The Year of Moving Forward

The Year of Moving Forward
At our 4 person wedding reception in DC

Wednesday, June 2, 2010

What we learned yesterday

Where to start after yesterday's primary election?

I've not spent 13 hours at a polling place since my own campaign on election day 4 years ago. Those of us making a last minute effort to influence voters had a good day at Thompson Manor in Bessemer.

Do we do any good by handing out ballots or candidate info to people on their way in to vote?

Who knows, But in a close race, when there are many races on the ballot, a voter might be coming to the poll in strong support of only one candidate in a single race, and really not decided on the other races, so we pass out our literature in hopes of gaining a vote or two.

At any rate, I think the voters of Alabama proved one thing yesterday. We are not a teabagger state.

Xenophobe Tim James seems destined to be left out of the runoff. He's currently in third place.

Theocrat Roy Moore can ride off into the sunset on that horse he's pictured on in today's Birmingham News.

Racial profiler wanna-be Steve French lost. (The victor of this primary may well be a teabagger).

Laughingstock Dale Peterson lost his youtube based campaign of threat to a couple of more sensible Republicans that will face each other in a runoff.

Teabagger-come-lately Parker Griffith lost his Republican bid for the seat that Democrats gave him 4 years ago.

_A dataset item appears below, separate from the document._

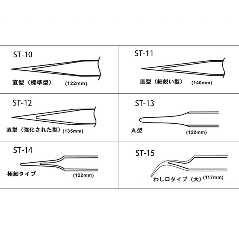 Tweezers [ST-15]: Pre-curved type, can be used for work in narrow spaces (124mm/4.88in)

It's not nice to fool Mother Nature, and it's not nice to fool Democrats either, Griffith. (His replacement leans teabag).

As for the Governor's race, the only surprise on the Democrat side was the margin of the Ron Sparks win over "throw 'em (both gays and blacks, other wise known as "your base") under the bus" Artur Davis.




Davis' vote against the health care bill has to go down down as one of the biggest political errors in Alabama history. Pundits are downplaying it, while every single black person I spoke with, and there were many, said that vote sealed the deal against him. Whoever advised him to vote that way (surely he didn't come up with that himself, heck, he's got a Harvard education! after all), should be fired. Oh wait, they don't have a job now anyway, do they?

On the Republican side, it is truly a gift from God if in fact it turns out that Tim James can join Roy Moore at Buck's Pocket (many of you younger readers might not know, but Buck's Pocket is "where all the defeated public officials go to lick their wounds after an unsuccessful election."




In the race to replace Davis in AL-07, Terri Sewell led the pack with 31,489 votes over Sheila Smoot with 24,376 votes. Earl Hilliard, Jr. came in third with 22,939 votes. Sewell and Smoot will face each other in a runoff.

Six weeks of campaigning to go for those in runoffs. I will investigate some numbers and comment more on these and other races later.